Task brief → Starting at the first line of the data and ending at the line with "Las descripciones son", copy each line exactly. Include both of those lines, but no pictures.

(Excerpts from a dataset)
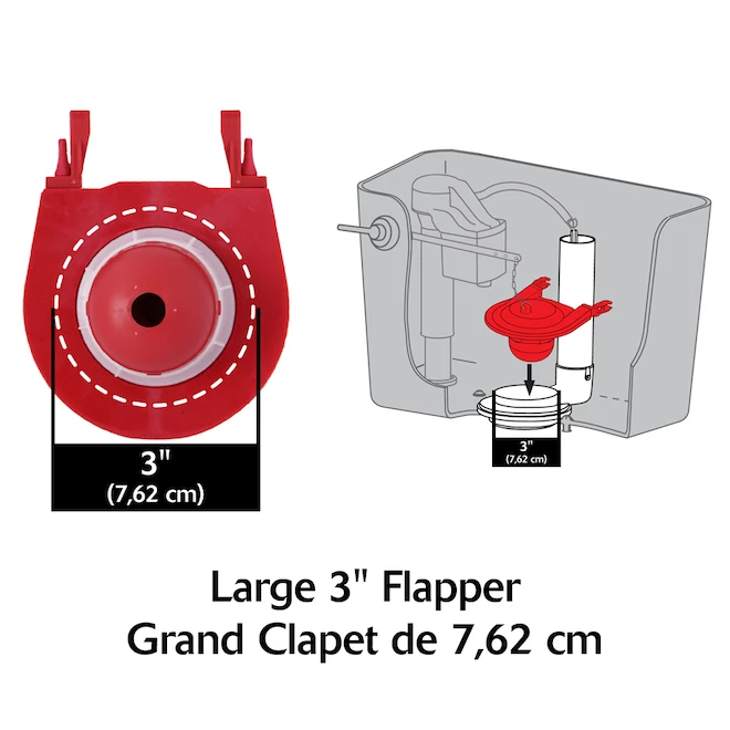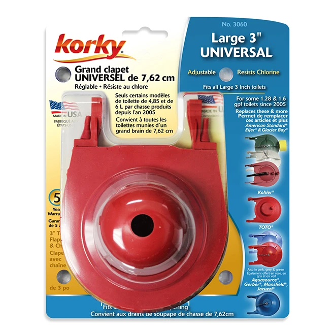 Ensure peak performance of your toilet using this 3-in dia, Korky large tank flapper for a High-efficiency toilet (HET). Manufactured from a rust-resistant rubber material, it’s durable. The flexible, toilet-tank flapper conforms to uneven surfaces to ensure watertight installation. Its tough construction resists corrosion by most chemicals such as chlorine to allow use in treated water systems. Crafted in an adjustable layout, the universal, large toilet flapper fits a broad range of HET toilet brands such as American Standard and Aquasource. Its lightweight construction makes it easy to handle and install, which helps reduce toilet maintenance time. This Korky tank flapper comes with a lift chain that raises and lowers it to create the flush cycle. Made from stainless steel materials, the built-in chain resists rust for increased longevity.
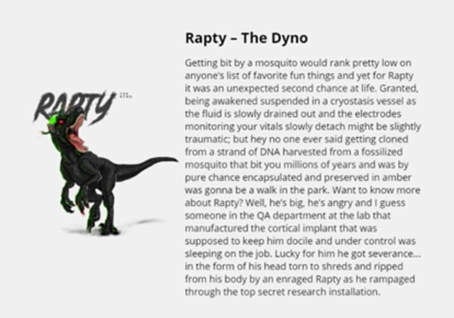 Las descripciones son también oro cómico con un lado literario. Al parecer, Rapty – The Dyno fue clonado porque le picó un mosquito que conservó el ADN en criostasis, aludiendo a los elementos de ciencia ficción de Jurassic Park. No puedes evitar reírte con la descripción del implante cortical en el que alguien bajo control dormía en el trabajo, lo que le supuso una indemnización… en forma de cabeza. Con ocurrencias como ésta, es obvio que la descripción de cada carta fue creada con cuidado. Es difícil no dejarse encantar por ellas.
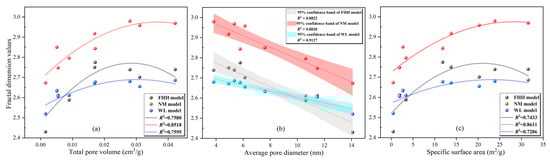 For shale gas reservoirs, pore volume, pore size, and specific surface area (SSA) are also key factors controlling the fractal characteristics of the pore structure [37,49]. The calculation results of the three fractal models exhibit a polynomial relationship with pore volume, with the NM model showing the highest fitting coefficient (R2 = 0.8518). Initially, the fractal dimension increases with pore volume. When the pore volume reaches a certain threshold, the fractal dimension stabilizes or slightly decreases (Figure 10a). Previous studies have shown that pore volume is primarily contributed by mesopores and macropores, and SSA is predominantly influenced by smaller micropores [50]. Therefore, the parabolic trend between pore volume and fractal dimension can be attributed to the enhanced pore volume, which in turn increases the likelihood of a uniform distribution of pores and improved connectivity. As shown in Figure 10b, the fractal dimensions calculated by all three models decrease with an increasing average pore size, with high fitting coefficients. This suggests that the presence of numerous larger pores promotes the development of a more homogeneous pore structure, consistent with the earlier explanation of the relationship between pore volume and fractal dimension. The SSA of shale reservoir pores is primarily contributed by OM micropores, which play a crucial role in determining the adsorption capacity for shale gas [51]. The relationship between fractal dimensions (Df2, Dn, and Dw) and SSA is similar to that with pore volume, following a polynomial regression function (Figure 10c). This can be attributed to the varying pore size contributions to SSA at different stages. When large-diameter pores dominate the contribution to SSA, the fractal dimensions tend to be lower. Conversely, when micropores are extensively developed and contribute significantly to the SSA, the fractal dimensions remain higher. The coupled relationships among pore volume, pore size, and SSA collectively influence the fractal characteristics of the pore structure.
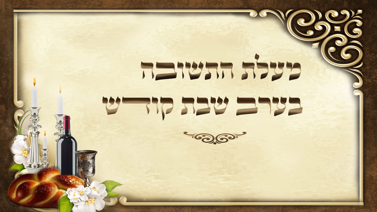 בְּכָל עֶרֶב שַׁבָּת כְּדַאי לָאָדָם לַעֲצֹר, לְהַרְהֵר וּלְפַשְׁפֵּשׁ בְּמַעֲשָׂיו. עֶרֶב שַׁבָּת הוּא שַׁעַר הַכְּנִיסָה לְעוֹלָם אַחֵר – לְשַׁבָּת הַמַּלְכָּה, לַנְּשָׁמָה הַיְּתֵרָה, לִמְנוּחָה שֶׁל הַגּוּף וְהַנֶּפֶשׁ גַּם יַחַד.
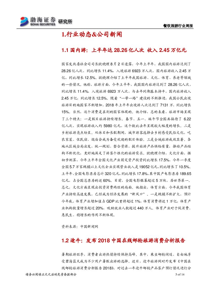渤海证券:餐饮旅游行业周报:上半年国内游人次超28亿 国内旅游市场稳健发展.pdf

Your response →
 Ensure peak performance of your toilet using this 3-in dia, Korky large tank flapper for a High-efficiency toilet (HET). Manufactured from a rust-resistant rubber material, it’s durable. The flexible, toilet-tank flapper conforms to uneven surfaces to ensure watertight installation. Its tough construction resists corrosion by most chemicals such as chlorine to allow use in treated water systems. Crafted in an adjustable layout, the universal, large toilet flapper fits a broad range of HET toilet brands such as American Standard and Aquasource. Its lightweight construction makes it easy to handle and install, which helps reduce toilet maintenance time. This Korky tank flapper comes with a lift chain that raises and lowers it to create the flush cycle. Made from stainless steel materials, the built-in chain resists rust for increased longevity.
 Las descripciones son también oro cómico con un lado literario. Al parecer, Rapty – The Dyno fue clonado porque le picó un mosquito que conservó el ADN en criostasis, aludiendo a los elementos de ciencia ficción de Jurassic Park. No puedes evitar reírte con la descripción del implante cortical en el que alguien bajo control dormía en el trabajo, lo que le supuso una indemnización… en forma de cabeza. Con ocurrencias como ésta, es obvio que la descripción de cada carta fue creada con cuidado. Es difícil no dejarse encantar por ellas.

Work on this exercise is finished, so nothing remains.